At nine years old, Gemao began playing competitive basketball. Three years later, he competed in the Palarong Pambansa, where they won a silver medal. During this time, he also played for Corpus Christi School in Cagayan de Oro, leading them to a championship in the 2018 SBP-Passerelle Mindanao Regional Finals.

== High school career ==
While he was in Manila for a Jr. NBA camp, Gemao was recruited by National University-Nazareth School (NUNS), who were led by coach Goldwin Monteverde at the time. He was among the last NUNS players to be coached by Monteverde, as Monteverde left NUNS to coach the UP Fighting Maroons.

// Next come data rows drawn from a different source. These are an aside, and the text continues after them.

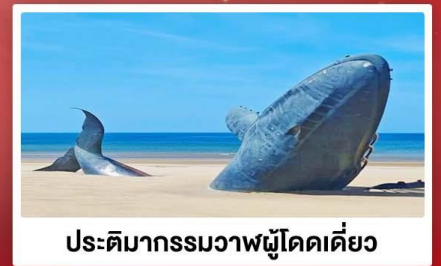
ประติมากรรมวาฬผู้โดดเดี่ยว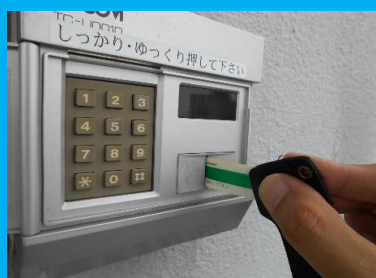
建物入口セキュリティ (夜24時~朝6時は入館不可)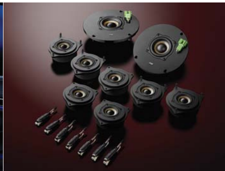
2C-222 Double Crest扬声器套装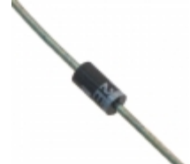
1N4730PE3/TR8 Microsemi Corporation DIODE ZENER 3.9V 1W DO204AL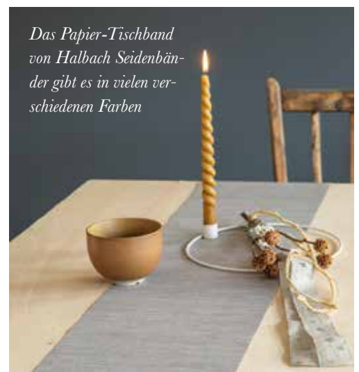
Das Papier-Tischband von Halbach Seidenbänder gibt es in vielen verschiedenen Farben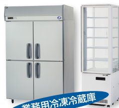
業務用冷凍冷蔵庫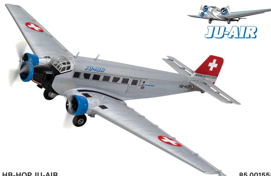
Junkers Ju 52/3 HB-HOP JU-AIR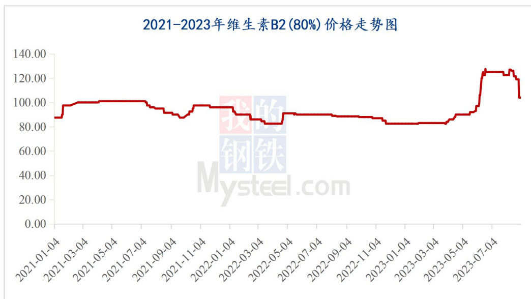
图 7 2021-2023 年维生素 B2（80%）价格走势

截至本月国内 VB2(80%)市场均价为 120.54 元/kg，较上月下调 4.2 元/kg，VB2(98%)市场均价为 372.6 元/kg/kg，较上月下调 2.39 元/kg。上游工厂挺价意愿强烈，市场报价宽泛，局部价格略低，市场需求一般，成交一般。价格维持平稳，根据品牌、日期不同，局部价格略低。6月6日，梅花生物上调 80%维生素 B2 报价为 150 元/kg。6月13日，海嘉诺上调 80%维生素 B2 报价为 153 元/kg。6月13日，山东丰银上调 80%维生素 B2 报价为 155 元/kg。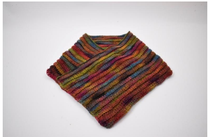
2. Piega l'altra estremità sulla prima estremità, in modo che si sovrappongono con 30 m.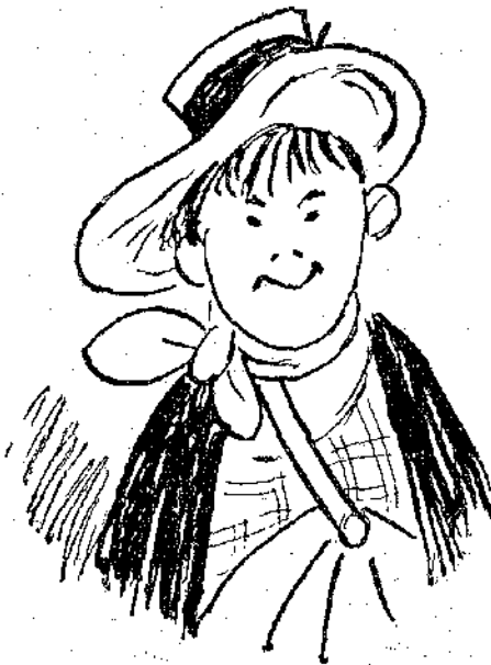
Ὁ Κώκλμπερν Φίνν, ὁ νεαρὸς παρίας τοῦ χωριοῦ...

ἔξω κι' ἀπὸ μέσα, ἀλλὰ δὲν ἀνακάλυψε καμμιά; οὔτε τὴν παραμικρὴ ἐνόχληση. Συναεξετάσθηκε ἄλλη μιά φορὰ καὶ τώρα τοῦ φάνηκε πὼς ἀνακάλυψε μιά ἐλάχιστη ὑποψία κωλικόπονου ποῦ γεμάτος ἐλπίδα ἀρχισε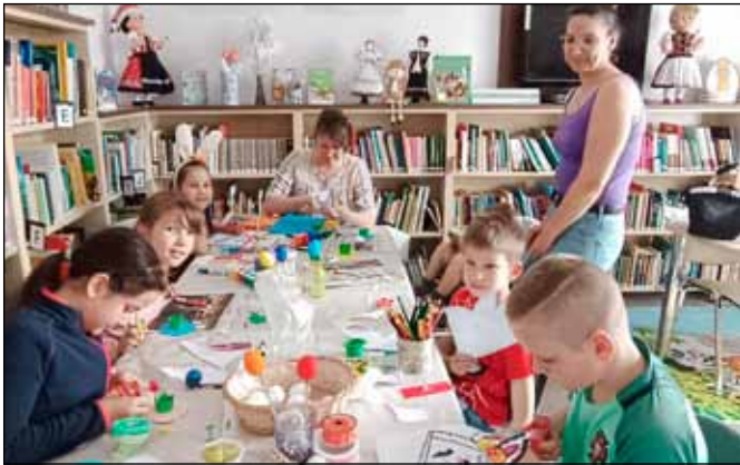
Barátságos légkörben szép alkotások születtek

A tavaszi szünet első napján, nagypéntek előtti csütörtökön a Községi Könyvtárban húsvéti kézműves foglalkozást tartottunk. A gyerekek lelkesen festettek, nyírtak, ragasztottak, mire kis húsvéti asztaldíszük, édességtartó dobozjuk, papírnusziuk készen lett. Az anyukák pedig hungarocell tojást vontak be ruhaanyaggal.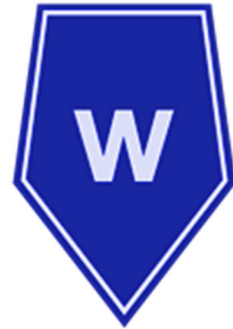
Służba spraw wewnętrznych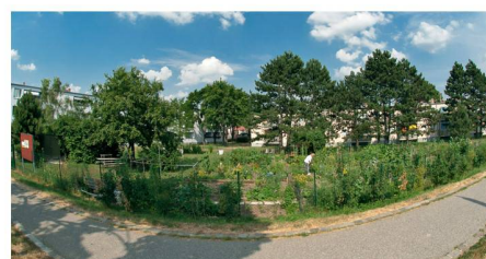
04 Nachbarschaftsgarten im Gemeindebau in Wien Floridsdorf

Der internationale Wettbewerb «Best Private Plots – Die besten Gärten» wurde zum vierten Mal vergeben. Das Ergebnis zeigt einige fast ungestaltet wirkende Gärten von XS bis XL.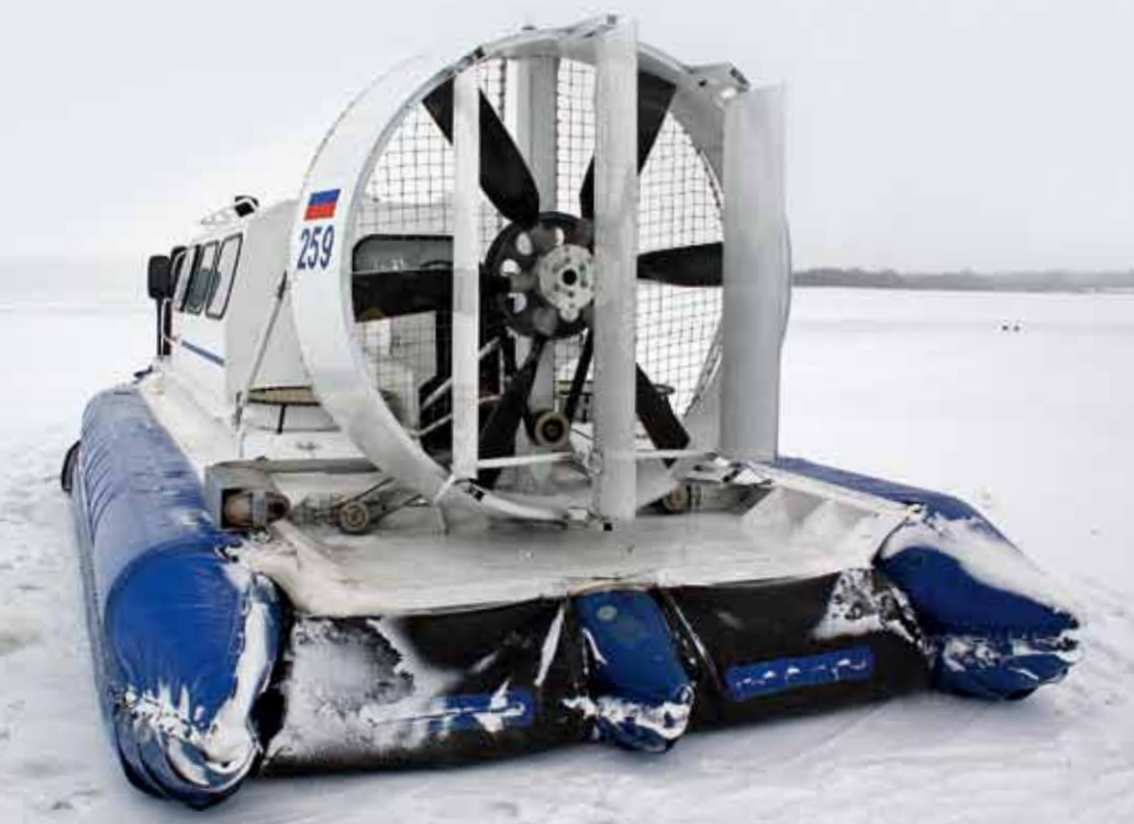
Изменяя направление воздушного потока, добиваются поворотов машины

«Подушка» «Хивуса» разделена на две равные части продольным средним баллоном. Каждый отсек накачивается своим вентилятором, получающим привод от главного трансмиссионного вала. Он же передает крутящий момент от двигателя к маршевому винту. Никаких коробок передач, как на автомобиле, здесь нет и в помине. Короткий карданный вал, компенсирующий несоосность установки приводов, связывает ведомый диск сцепления со шкивами ременных передач приводов основного винта и нагнетательных вентиляторов. Пе-

Gemao then enrolled at the Colegio de San Juan de Letran to play for the Letran Squires of the NCAA's junior division. The Squires were led by first-year head coach Allen Ricardo, who recruited him on the advice of Tom Chua, an assistant of Monteverde and a former high school teammate. In 2023, coming off a stint with the Philippines men's national under-16 team, he made his NCAA juniors debut with 15 points, six rebounds, four assists, three steals, and one block in a win over the San Sebastian Staglets. He then scored a career-high 35 points in a win over the Lyceum Junior Pirates, the most points scored in the NCAA that season. He then went on to lead the Squires to their first NCAA title in 22 years, averaging 17.5 points, 9.5 rebounds, and 3.5 assists as their Finals MVP while also making the Mythical Team with averages of 18.5 points, 6.9 boards, and 2.8 assists for the season. The NBTC ranked him as the 4th-best high school player in the country. Later that year, he was invited to the Basketball Without Borders (BWB) Asia camp.

Initially, Gemao committed to finish his senior high school years with Letran. On September 20, 2023, he left Letran to try out for Veritas Academy National Prep, a Nike Elite high school in California. He played there for his junior year, making the team's regular rotation. In 2024, he was invited to the BWB Global Camp. He then briefly returned to the Philippines to play for Fil-Nation Select in the 2024 NBTC Finals. Teaming up with Terrence Hill Jr., he led them to their first NBTC title.

Gemao then spent his last two years of high school with Royal Crown Academic School. In his Grade 12 season, he led the team to a 19–2 regular-season record and earned All-OSBA Second Team honors. In 2026, Gemao was invited to the Adidas Nations Tokyo Under-19 Special Camp.

On May 8, 2026, Gemao received an offer from Penn State, which he accepted.

== National team career ==
In 2022, Gemao was named to the Philippines men's national under-16 team for the 2022 FIBA U16 Asian Championship. At 15 years old, he was the team's youngest member. In 2024, he played for the Philippine under-18 team in the 2024 FIBA U18 Asia Cup SEABA qualifiers as they swept the tournament. Although they qualified for the FIBA U18 Asia Cup, he was not able to play due to a metacarpal fracture.